In ATL, evidences have been accumulated indicating that T cells and mainly CD8+ T cells participate in the pathology of the disease. High lymphocyte proliferation is also characteristic of CL, and we showed that DI4G decreased lymphocyte proliferation predominantly in CD8+ T cells rather than in CD4+ T cells.

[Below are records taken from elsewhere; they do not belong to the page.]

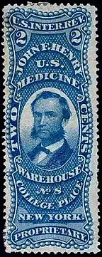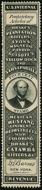 After the tax laws were passed in 1862, private proprietors were allowed to furnish their own stamps, subject to the approval of the Internal Revenue and subsequently were granted a discount on the taxes paid for the goods they sold. Private stamps offered the advantage of having the proprietor's name depicted on the stamp.[34] The proprietor paid the cost of engraving the die and the printing plates which in the beginning varied considerably. Some proprietors paid as little as $60 while others paid as much as $750. After June 1, 1863 a uniform cost of $350 was adopted for all dies with a couple of exceptions for large ones.[35]
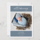 Welcome your precious bundle of joy with this elegant chic classic photo baby announcement card. The design offers a clean blue and white timeless layout to display your newborn's first portrait, names and birthdate. The style calligraphy script adds a fantastic look to the template. Whether you’re welcoming a baby girl or baby boy, this design offers a beautiful way to introduce your newest miracle to the world.
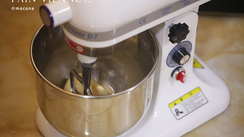 2. 用厨师机(UKOEO)的搅拌桨,慢速(4档)2分中速(6档)4分
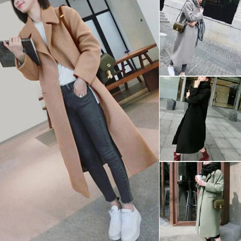 Модное однотонное плотное женское осенне-зимнее теплое длинное паль...
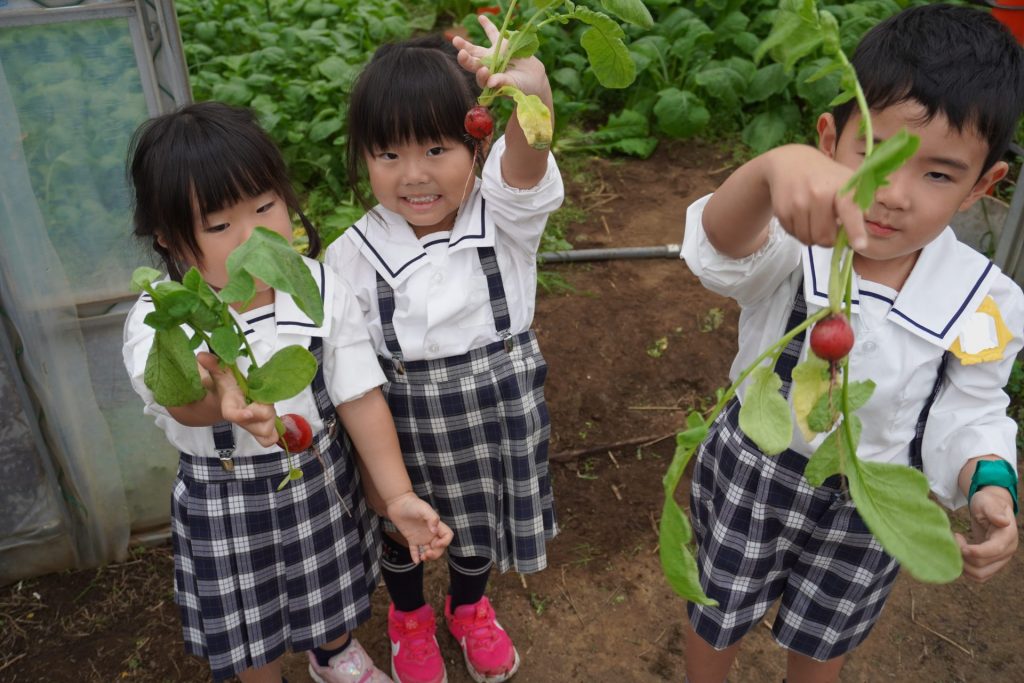 先日、しらゆり農園で育てていたラディッシュが収穫時期を迎えたので年少・ひよこ組から収穫体験を行いました!
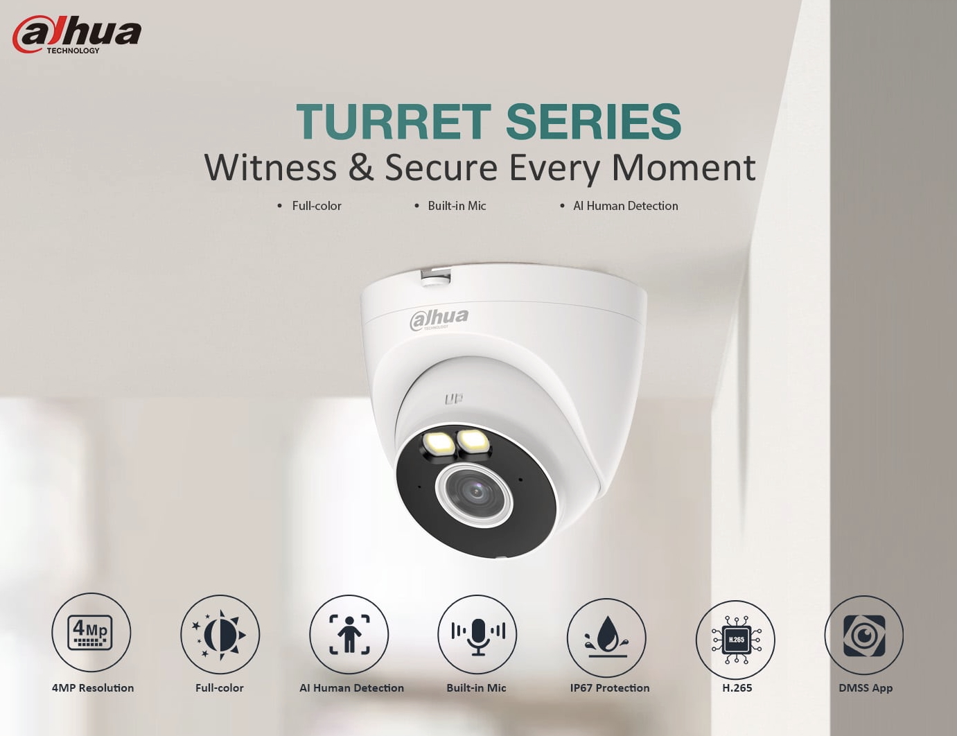 Bei der Turret-Serie, die zur Dahua Wireless-Serie gehört, handelt es sich um Kameras, die nicht nur einfach zu installieren und zu bedienen sind, sondern auch eine hervorragende Leistung bieten und kostengünstig sind. Sie nehmen scharfe, detaillierte Bilder von Szenen in High Definition auf und bieten leistungsstarke Funktionen, wie z. B. die KI-Menschenerkennung, um präzise Alarme auszulösen. Die Informationen werden außerdem synchron an Ihr Telefon gesendet, damit Sie immer auf dem Laufenden sind. Dank der Schutzart IP67 halten diese Kameras auch rauen Umgebungen stand und eignen sich daher hervorragend für den Einsatz in kleinen und mittelgroßen Umgebungen, z. B. in kleinen Einzelhandelsgeschäften.
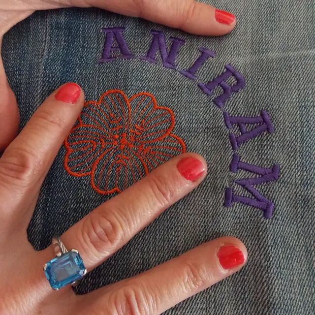 Marina s’est mise depuis peu à la broderie assistée par ordinateur ce qui lui permet de personnaliser certain vêtements ou accessoires si le client le souhaite et d’apposer sa marque « Aniram » sur tous ses vêtements.
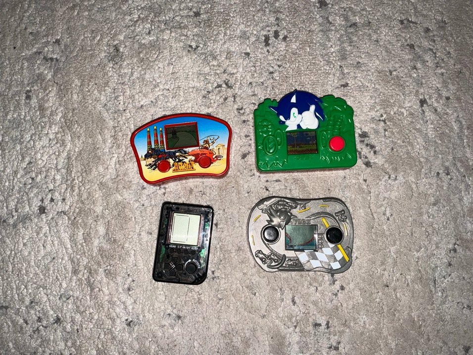 Farklı temalarda dört adet retro el konsolu oyunu, basit LCD ekran ve temel kontrollerle nostaljik tasarımlar sunar.
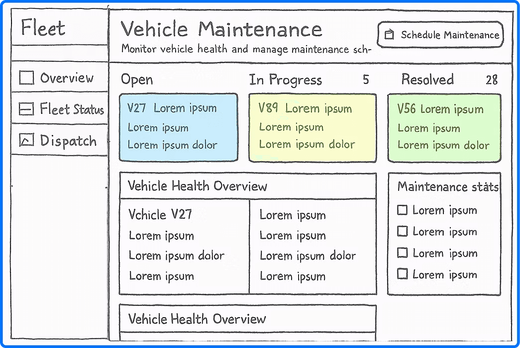 We designed a simulated fleet management system that brings everything together in a single command center. It empowers operators to respond faster, reroute smarter, and maintain vehicles more efficiently.
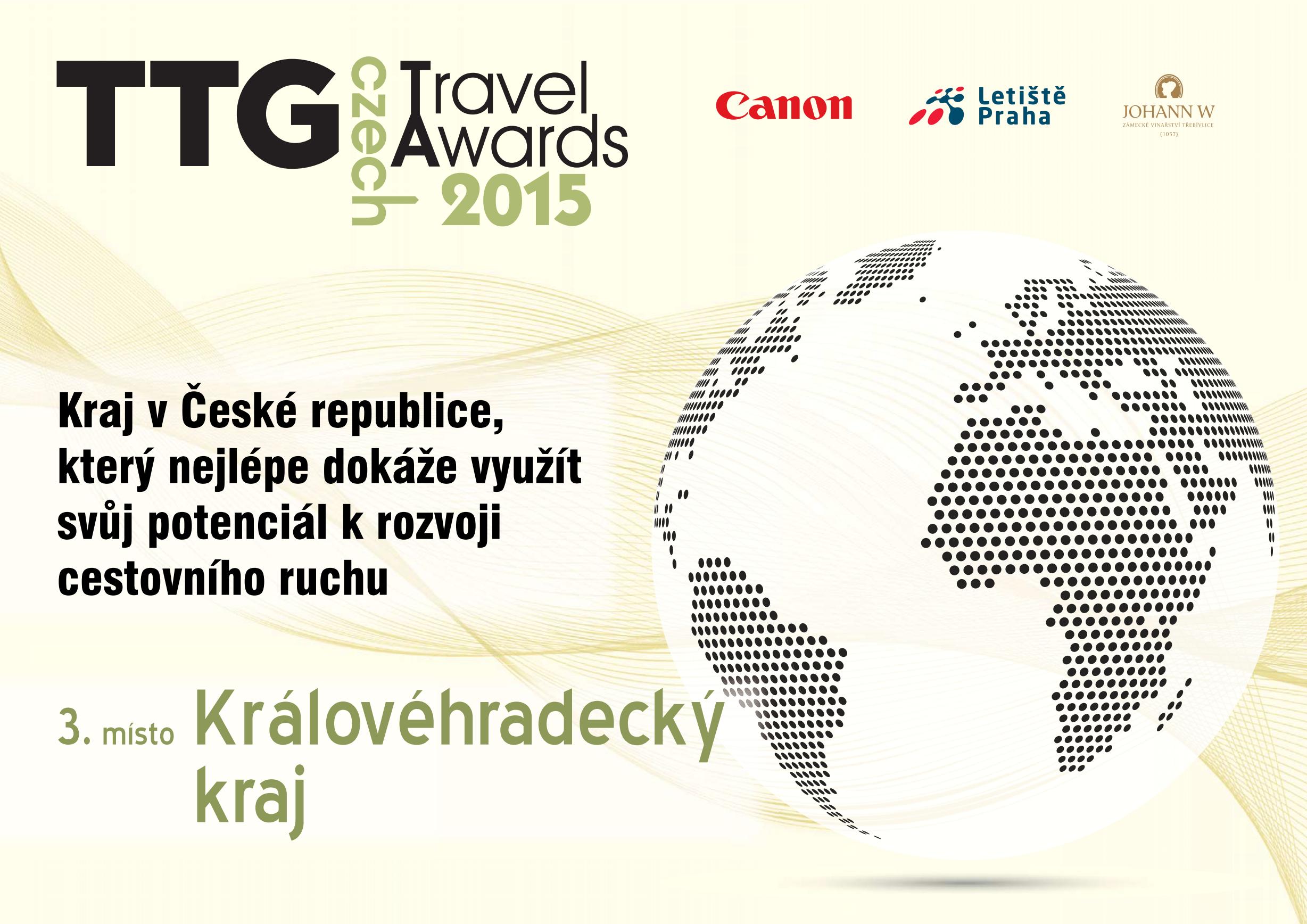 Královéhradecký kraj obdržel nová ocenění z oblasti turistického ruchu. Na slavnostním ceremoniálu letošního ročníku TTG TravelAwards, který se tentokrát konal v rámci galavečera veletrhu HolidayWorld ve Španělském sále Pražského hradu získal dvě třetí místa. Ocenění si odvezl v kategorii Nejlepší propagační materiál za loni vydaný komplet krajských cyklomap. Další 3. místo potom získal v anketě TTG Czech travel Awards 2015 v kategorii Kraj v České republice, který nejlépe dokáže využít svůj potenciál k rozvoji cestovního ruchu. V rámci galavečera se vyhlašuje 16 kategorií a jde o prestižní anketu cestovního ruchu, kterou již 18 let pořádá vydavatelství odborných novin TTG Czech.
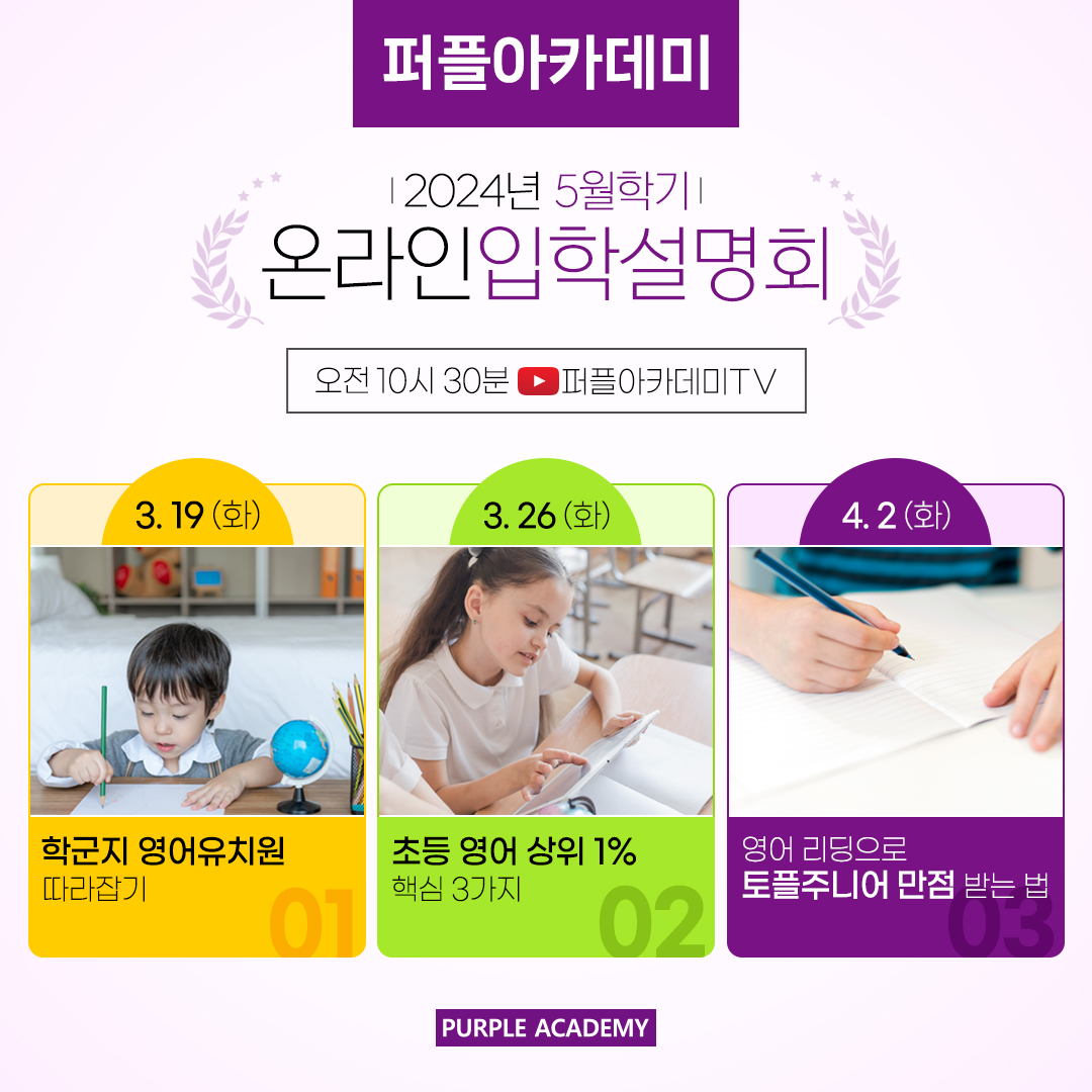 퍼플아카데미 2024년 5월학기 모집을 맞이하여 온라인 입학 설명회를 개최합니다!
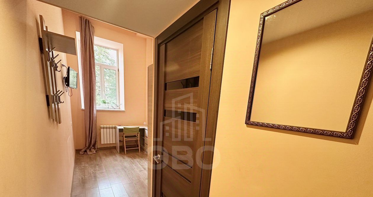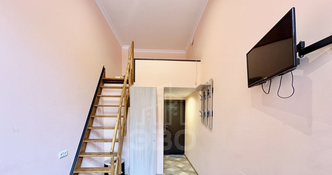 В студии имеется спальная зона, свой санузел, телевизор, кресло, шкаф. Интернет проведен. Высокий первый этаж.

The role of inflammatory and cytotoxic CD8+ T cells in the pathology of CL has been well documented [7, 30, 36, 37]. More recently, evidence has been brought that CD8+ T cells play a key role not only in the inflammatory response and ulcer development but also in the appearance of metastatic lesions in CL [38]. Therefore, it is possible that an exaggerated activation of CD8+ T cell is more dangerous for the disease than the inflammatory reaction induced by monocytes and CD4+ T cells.

5. Conclusions

This study showed that DI4G, a transition-state analog inhibitor of HsPNP, exhibited an immunomodulatory action in IFN-γ production by cells from CL patients and decreased CD8+ T cell proliferation, indicating that this agent may be able to reduce pathology associated with L. braziliensis infection and can be tested in combination with antimony as a new therapeutic strategy for CL.

Conflicts of Interest

The authors declare that there is no conflict of interests involved.

Acknowledgments

The authors are grateful to the staff of the Corte de Pedra Health Post for diagnosis and recruitment of individuals to this study. This work was supported with funding from the Ministry of Health, National Council for Scientific and Technological Development (CNPq) from Brazil (467207/2014-3), and Coordination for the Improvement of Higher Education Personnel (CAPES).